PB-1, when applied as a pure or reinforced resin, can replace materials like metal, rubber and engineering polymers. It is also used synergistically as a blend element to modify the characteristics of other polyolefins like polypropylene and polyethylene. Because of its specific properties it is mainly used in pressure piping, flexible packaging, water heaters, compounding and hot melt adhesives.

Synthesis

Isotactic PB-1 is synthesized commercially using two types of heterogeneous Ziegler-Natta catalysts.[2] The first type of catalyst contains two components, a solid pre-catalyst, the δ-crystalline form of TiCl3, and solution of an organoaluminum cocatalyst, such as Al(C2H5)3. The second type of pre-catalyst is supported. The active ingredient in the catalyst is TiCl4 and the support is microcrystalline MgCl2. These catalysts also contain special modifiers, organic compounds belonging to the classes of esters or ethers. The pre-catalysts are activated by combinations of organoaluminum compounds and other types of organic or organometallic modifiers. Two most important technological advantages of the supported catalysts are high productivity and a high fraction of the crystalline isotactic polymer they produce at 70–80 °C under standard polymerization conditions.[3][4][5]

Characteristics

Heated up to 190 °C and above, PB-1 can easily be compression moulded, injection moulded, blown to hollow parts, extruded, and welded. It does not tend to crack due to stress. Because of its crystalline structure and high molecular weight, PB-1 has good resistance to hydrostatic pressure, showing very low creep even at elevated temperatures.[6] It is flexible, resists impact well and has good elastic recovery.[2][7]

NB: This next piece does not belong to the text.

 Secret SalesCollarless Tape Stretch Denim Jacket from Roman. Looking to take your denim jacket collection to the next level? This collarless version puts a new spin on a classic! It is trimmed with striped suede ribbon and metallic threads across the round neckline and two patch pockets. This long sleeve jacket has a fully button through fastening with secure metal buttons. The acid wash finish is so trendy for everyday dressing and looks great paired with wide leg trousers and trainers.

Isotactic polybutylene crystallizes in three different forms. Crystallization from solution yields form-III with the melting point of 106.5 °C. Cooling from the melt results in the form II which has melting point of 124 °C and density of 0.89 g/cm3. At room temperature, it spontaneously converts into the form-I with the melting point of 135 °C and density of 0.95 g/cm3.[1]

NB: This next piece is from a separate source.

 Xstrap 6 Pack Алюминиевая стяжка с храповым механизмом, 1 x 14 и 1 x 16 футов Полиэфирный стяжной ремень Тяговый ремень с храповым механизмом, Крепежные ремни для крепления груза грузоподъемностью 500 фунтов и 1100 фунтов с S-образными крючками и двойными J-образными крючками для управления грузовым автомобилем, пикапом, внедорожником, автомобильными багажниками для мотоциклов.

PB-1 generally resists chemicals such as detergents, oils, fats, acids, bases, alcohol, ketones, aliphatic hydrocarbons and hot polar solutions (including water).[2] It shows lower resistance to aromatic and chlorinated hydrocarbons as well as oxidising acids than other polymers such as polysulfone and polyamide 6/6.[6] Additional features include excellent wet abrasion resistance, easy melt flowability (shear thinning), and good dispersion of fillers. It is compatible with polypropylene, ethylene propylene rubbers, and thermoplastic elastomers.

Some properties:[6]

Application areas

Piping systems

The main use of PB-1 is in flexible pressure piping systems for hot and cold drinking water distribution, pre-insulated district heating networks and surface heating and cooling systems. ISO 15876 defines the performance requirements of PB-1 piping systems.[8] The most striking features are weldability, temperature resistance, flexibility and high hydrostatic pressure resistance. The material can be classified PB 125 with a minimum required strength (MRS) of 12.5 MPa. Other features include low noise transmission, low linear thermal expansion, no corrosion and calcification.

PB-1 piping systems are no longer being sold in North America (see "Class action lawsuits and removal from building code approved usage", below). The overall market share in Europe and Asia is rather small but PB-1 piping systems have shown a steady growth in recent years. In certain domestic markets, e.g. Kuwait, UK, Korea and Spain, PB-1 piping systems have a strong position.[7]

Plastic packaging

Several PB-1 grades are commercially available for various applications and conversion technologies (blown film, cast film, extrusion coating). There are two main fields of application:

Hot melt adhesives

PB-1 is compatible with a wide range of tackifier resins. It offers high cohesive and adhesive strength and helps tailoring the "open time" of the adhesive (up to 30 minutes) because of its slow crystallisation kinetics. It improves the thermal stability and the viscosity of the adhesive.[9]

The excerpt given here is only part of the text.